A Marine Commander's Comments on Preparation of Marines for Combat in Iraq

Colonel George Bristol, USMC

With regard to the training aspect, I subscribe to the following:

1) Simple is what killing is, whether with a spear or a JDAM. The act itself is simple. We have been stacking them up like cordwood over here no problem.

2) The training we did prior to coming over was simple - hardness, simple drills to get into firing position, simple escalation of force parameters. Nothing higher than that. Now at Division level and above, the planning, ROE, complexity of synchronization, and bringing in all aspects of foreign policy gets complex - but the killing time remains simple, and we do everything we can to keep it that way. We don't brief the trigger pullers on all the complexities - we keep them at that cutting edge.

3) I know that EVERY Marine knows how to do sight alignment and sight picture (clear tip of the front sight post in a fuzzy "bullseye"). That is why we are the world's best all-purpose marksmen. Weapons handling remains simple ("never be more than three feet from your weapon"; "keep that weapon functionally clean"; "complacency kills" - these are all sayings that ALL Marines over here know by heart). I see Marines all the time working with that weapon; it is great to see. In firefights, I truly cannot tell the difference between a Marine who has been in 50 fights or 5 - and I have looked while it is happening. They keep it simple.

4) Fitness over here is simple. Rear area guys are still on the weight schedule (all the body beautiful stuff). Most Marines with a real job go back to some basic calisthenics and a little running - simple stuff. You get accustomed to the weight of the plates and the body armor. You get used to being tired. You get used to not showering every day. You eat what is put in front of you. You are fighting fit. You don't look like Arnold, but you fight like hell.

5) Mentally, you adjust to danger. I watch a lot of my "kids" (18-21) and they mature to the harshness, the reality and the danger of everyday life here. Sleep is more important than being afraid. So is food. They adjust. We have lost some great Marines over here, and very few died afraid. I lost one right next to me a month or so ago - he was still firing when he took one through the neck (he died almost instantly). The simple will to survive and the simplicity of life in a combat zone strips away all the choices. There is a part of me that wants to stay here, because I am so tuned in. I KNOW THAT I KNOW - it is that simple. I know that I can feel when someone is watching me when I am out in towns, I know where my weapon is and hope I will react, I can tell when they are up to something - I am tuned in. I saw insurgents running away the other day, maybe 500 yards from me. When I got there, I went right to their tracks - and found them easily. You just tune in.

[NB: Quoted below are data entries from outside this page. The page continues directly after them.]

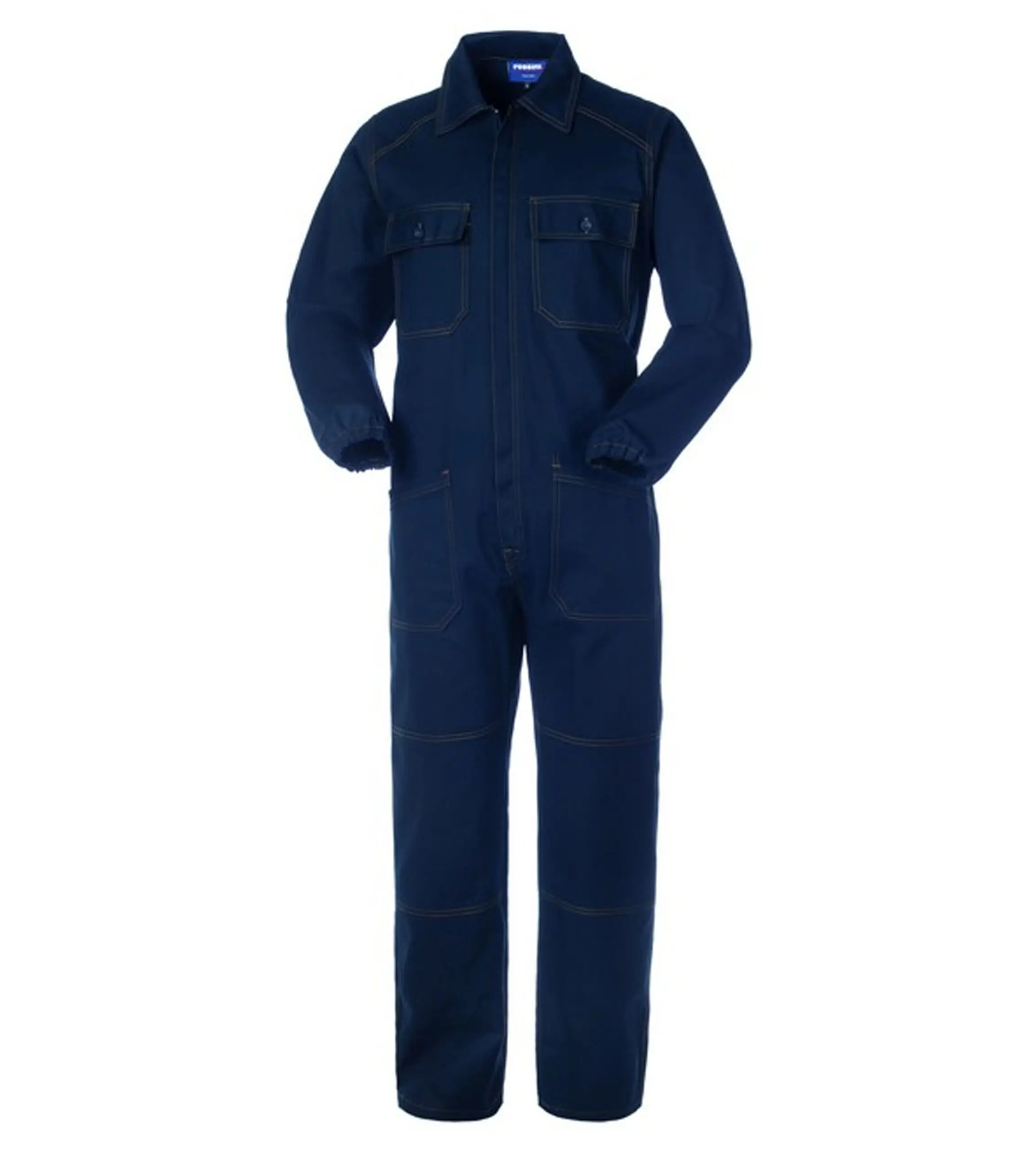 Tuta da lavoro in cotone twill elasticizzato, con elastico in vita posteriore e chiusura centrale con zip a doppio cursore coperta da patella.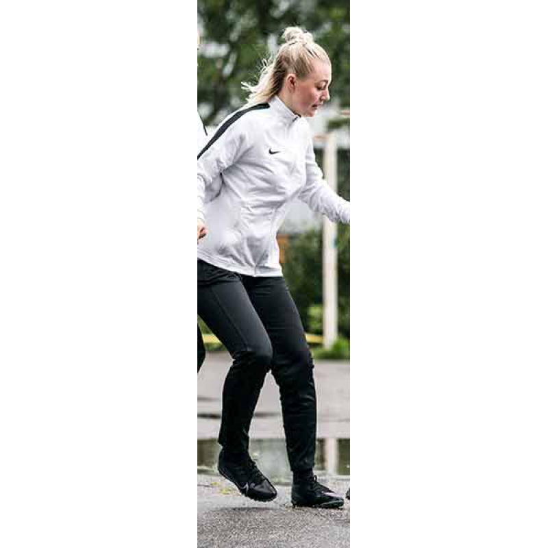 Nike women’s Academy 18 knit Tech pants will match the above jacket. All conditions tapered fast pant in Dri-FIT knit fabrication with zipped pockets. Iconic football DNA fast side stripe in cut & sew execution. Elastic waistband with a contrast inner mesh fabric and draw cord for a strong visual aesthetic. Leg zippers at hem for easy on and off. Contrasting color stitch on inside for extra visual appeal. Embroidered Swoosh design trademark.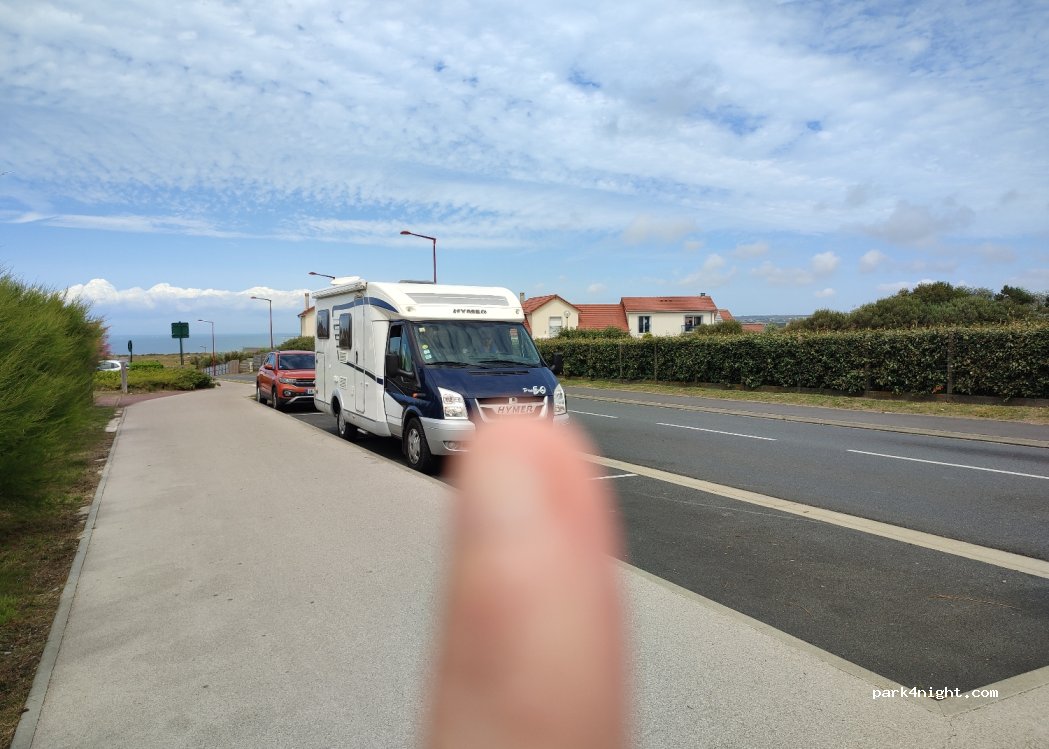 Two free parking spaces on the roadside at the entrance to Wimereux. 2 x 3 car spaces in a row which allow you to park a large camper van if everything is free. slightly sloping.

Without making too much of it, I think heiho training - and you know I have said this in written form - closely resembles the kind of "deadly simplicity" that should be sought in any training. Not too much repetition; proper mindset; increasingly uncontrolled environment. The true realizations come in the form of the adversary (once the "my sword goes here, my feet go there" is put in context). You feel him - you know he wants to kill you - and you go through a "reaction-to-simultaneous action-to-(hopefully) pre-emptive action" methodology. That is what the training does. It is the best way.